Ах, береза, ты моя береза!..

Все мы пьяны, ты одна твереза…

Петруху дергали за рукава, допытывались:

— Кто в съезжей ноне сидит?

— Бают, ночью кого-то привезли?

— Из самой Москвы!

— Скажи, Петруха, ежели знаешь!

Петруха перестал скоморошничать. Он вроде бы протрезвел и, воровато оглянувшись, зашептал:

— Бунтовщика привезли. Против царя шел!
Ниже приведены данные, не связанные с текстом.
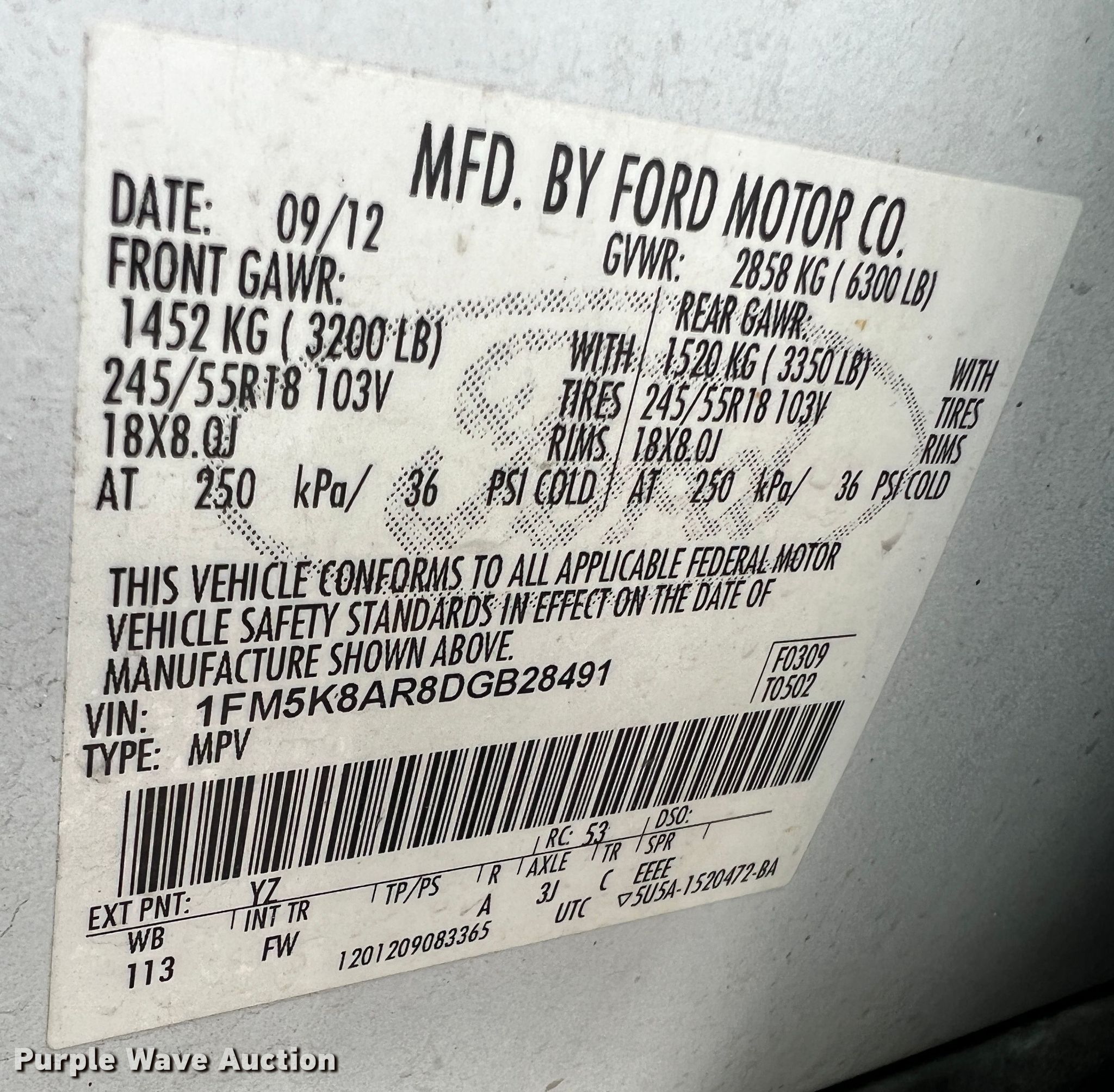 - VIN: 1FM5K8AR8DGB28491
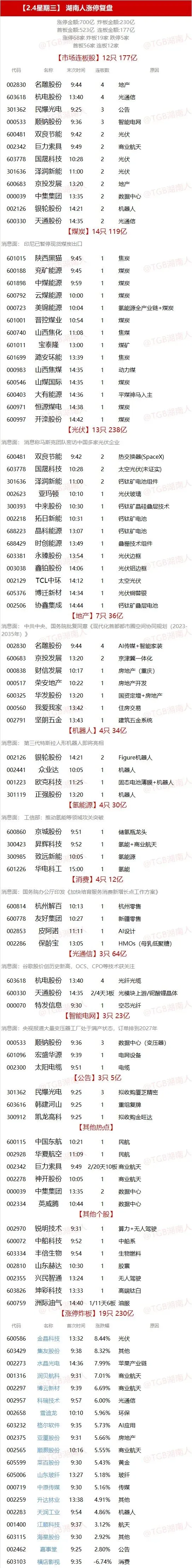 >2.4周三:光伏13/煤炭13/地产6/氢能源5/大消费5/电力电网/机器人/算力/商业航天等
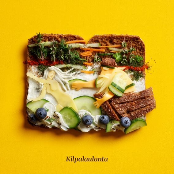 Kun maat ja mannut ovat muotoutuneet ja ihmiset löytäneet siellä sijansa, tulee asujien kesken kaikenlaisia kahnauksia. Kerran nuori Joukahainen haastaa mahtavan Väinämöisen kilpalaulantaan. Huonostihan siinä Joukahaiselle käy: vanhan tietäjän sanat ovat niin voimallisia, että suo uhkaa niellä Joukahaisen. Ei auta kuin luvata oma sisar Aino Väinämöiselle. Aino ei kuitenkaan suostu vanhan miehen morsiameksi, vaan pakenee mieluummin mereen ja muuttuu kalaksi. Väinämöinen jää ilman morsianta – eikä hänen naisonnensa myöhemminkään paljon paremmaksi muutu.
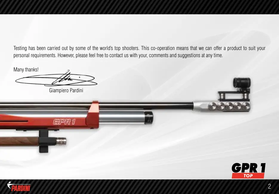 Congratulations and thank you for choosing to shoot a Pardini rifle. Your rifle has been designed and developed by a succesful shooter
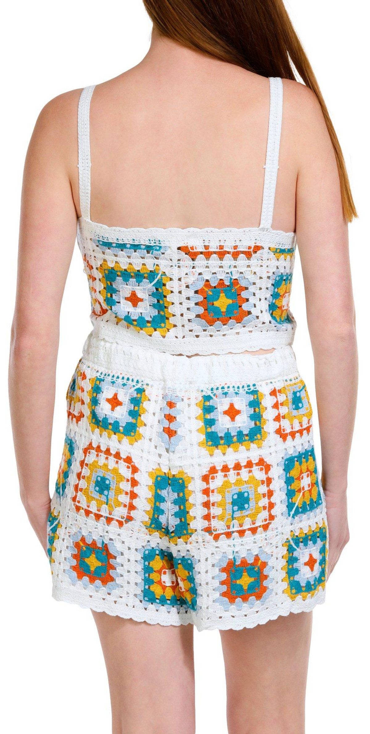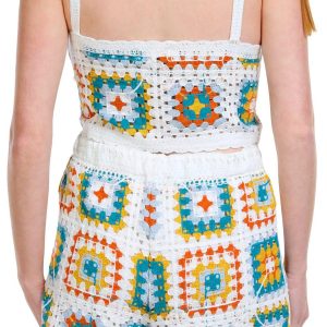 Introducing the Juniors 2 Pc Crochet Crop Top Set, a perfect blend of comfort and style. Made from a mix of cotton and acrylic, this set includes a sleeveless crochet crop top and matching shorts, both featuring a vibrant multicolored design. Ideal for sunny days, this trendy ensemble adds a playful touch to your wardrobe. Elevate your summer look with this chic and eye-catching crochet set!

А кто по имени — не ведаю…

Петруха исчез в толпе.

Мужики сбились в кучу, зашептались.

Молчан старательно укрыл мешковиной воеводин припас и следом за хозяином двинулся к гостиному ряду, к лавке купца Воробьева, с которым Даниле Дмитричу предстояло решить одно коммерческое дело.

Обиженные воеводой крестьяне роптали вслед:

— Тать денной…

— Объедало, опивало!

— Горло широко, брюхо прожорливо!

— Наел шею-то на наших хлебах!

Однако роптали так, чтобы воевода не услышал — боялись.

IV

Съезжий домишко занесло снегом чуть ли не до крыши. Метель скреблась в слюдяное оконце, кидалась к углам, к стрехе, просилась в тепло.

Узник с головой укрылся рядном, что бросили ему стрельцы подмял под себя всю солому, какая была. Его лихорадило, и он силился согреться своим дыханием.

Стрельцы в караулке гоготали, беззлобно ругались, играя в козни. Стучали кости-бабки, что-то тоненько позвякивало стеклянным звоном. Тайком от разводящего десятника караульщики распивали полуштоф водки, закусывали ржаным пирогом с рыбой. Аппетитно чавкали, поводя по-песьи по сторонам бородами.

А вьюга выла тоскливо, безысходно и, словно замерзающий бродяга, теперь уже ломилась в двери. Но нет ей ходу в тепло, и от лютой злобы она ярилась на людей, все закидывая, залепляя снегом.

Временами ночь, сжалившись, набрасывала на узника мягкое темное покрывало сна, и он забывался. И видел он ковыльное, иссушенное полуденным солнцем Дикое поле.

Тусклое, похожее на расплавленное стекло знойное небо, марево, дрожащее у окоема.

Слышался топот копыт казачьих скакунов, от которого тяжко стонала земля. Трепался на ветру атаманский бунчук, сверкали булатные сабли. Рты всадников чернели в едином крике: А-а-а!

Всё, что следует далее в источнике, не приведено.